The model is finetuned on the above mentioned prompt so we need to inference in such a way that it comprehends this format of the prompt and gives the answer.

Any resources/suggestions would be really helpful.

lanking520 commented 1 week ago

Could you provide your deployment config? Trying to help here. Logs will also help

VrushaliJoshi-v37040 commented 5 days ago

I had used a serving.properties file which has the following configurations 1 engine=MPI 2 option.task=text-generation 3 option.trust_remote_code=true 4 option.tensor_parallel_degree=1 5 option.model_id={{model_id}} 6 option.dtype=fp16 7 option.tgi_compat=true 8 option.rolling_batch=lmi-dist

My endpoint config is very simple: { "VariantName": "variant1", "ModelName": model_name, "InstanceType": "ml.g5.24xlarge", "InitialInstanceCount": 1, "ModelDataDownloadTimeoutInSeconds": 3600, "ContainerStartupHealthCheckTimeoutInSeconds": 3600, } Also please note here, I am not facing any errors while deploying, the deployment is successful but the output formats are different.
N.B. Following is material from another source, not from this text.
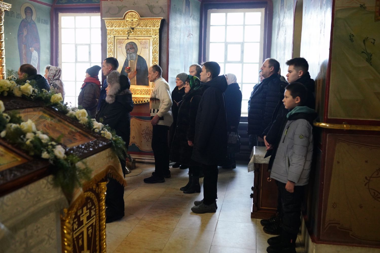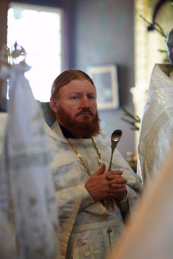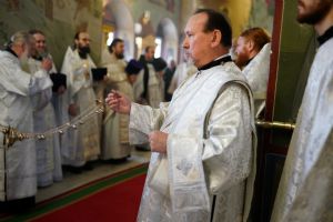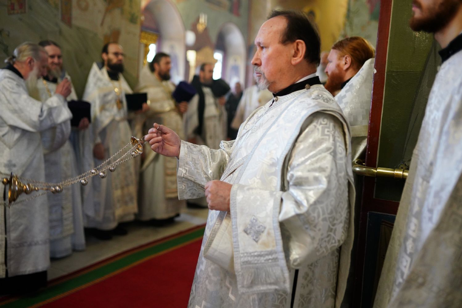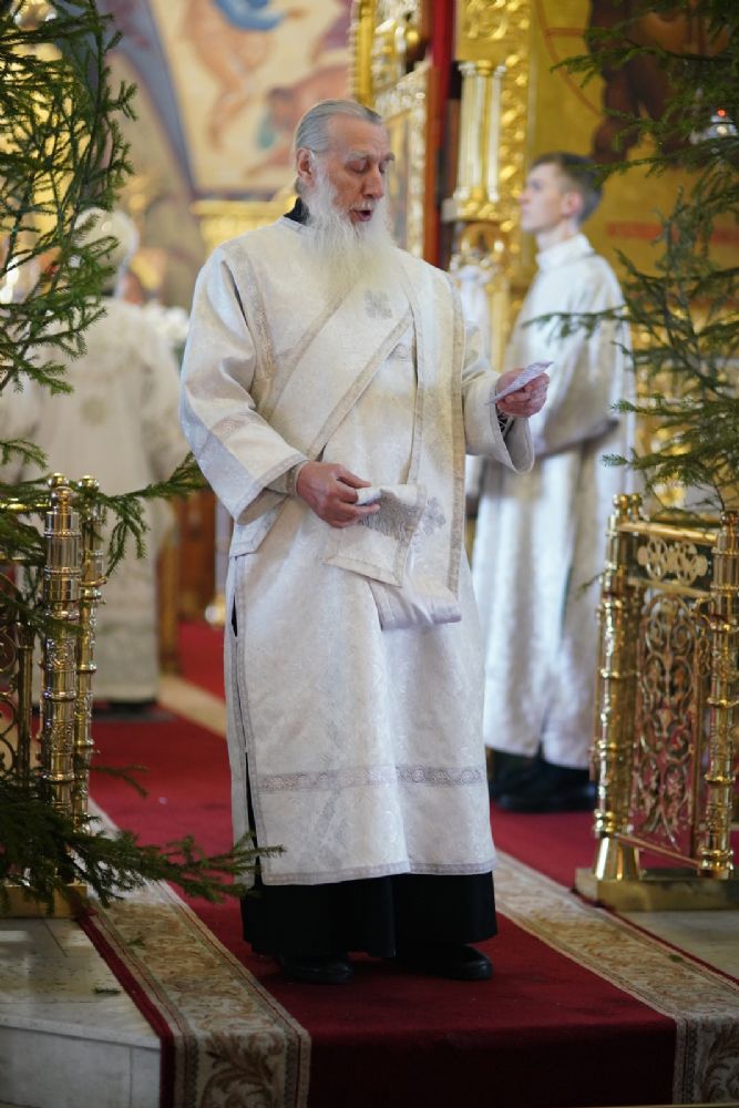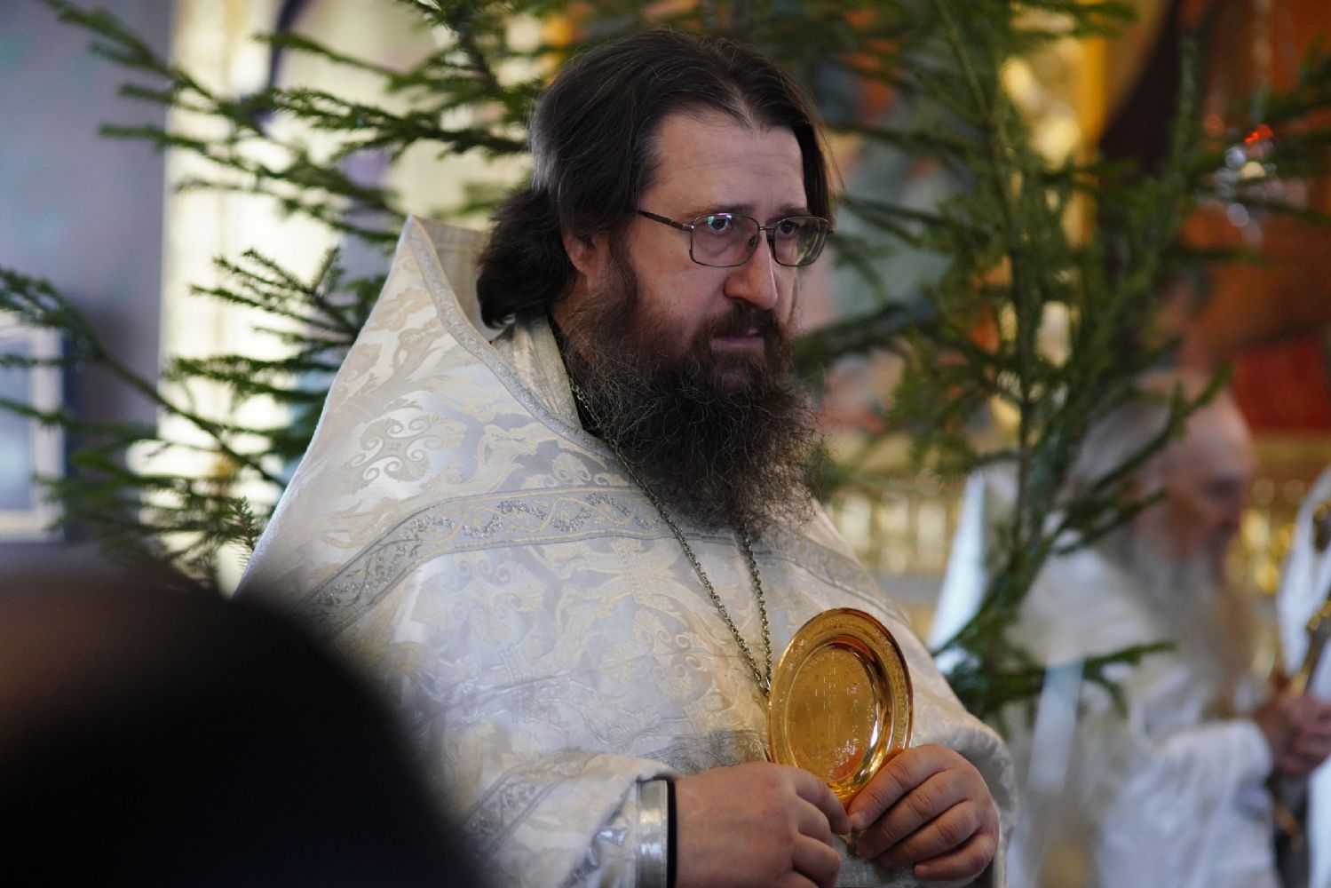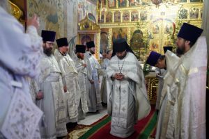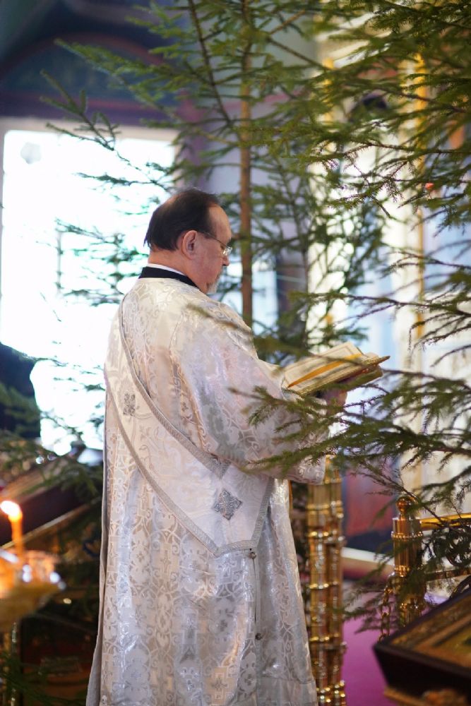 Архипастырю сослужили секретарь Йошкар-Олинского епархиального управления иеромонах Серафим (Пасанаев), настоятель собора протоиерей Евгений Кутырев, благочинный Йошкар-Олинского церковного округа протоиерей Андрей Норкин, клирики собора и протодиакон Михаил Козловский. Песнопения исполнял хор собора под управлением Ангелины Бабиной.

Expected output according to the DJL documentation for TGI compatible output feature: [ { "generated_text": "Deep Learning is a really cool field" } ]

What I am getting: { "generated_text": "Deep Learning is a really cool field" }

ALso the quality of output degraded significantly with DJL container as compared to TGI container

lanking520 commented 4 days ago

could you share a sample prompt you use and parameters? And exepcted output if possbile?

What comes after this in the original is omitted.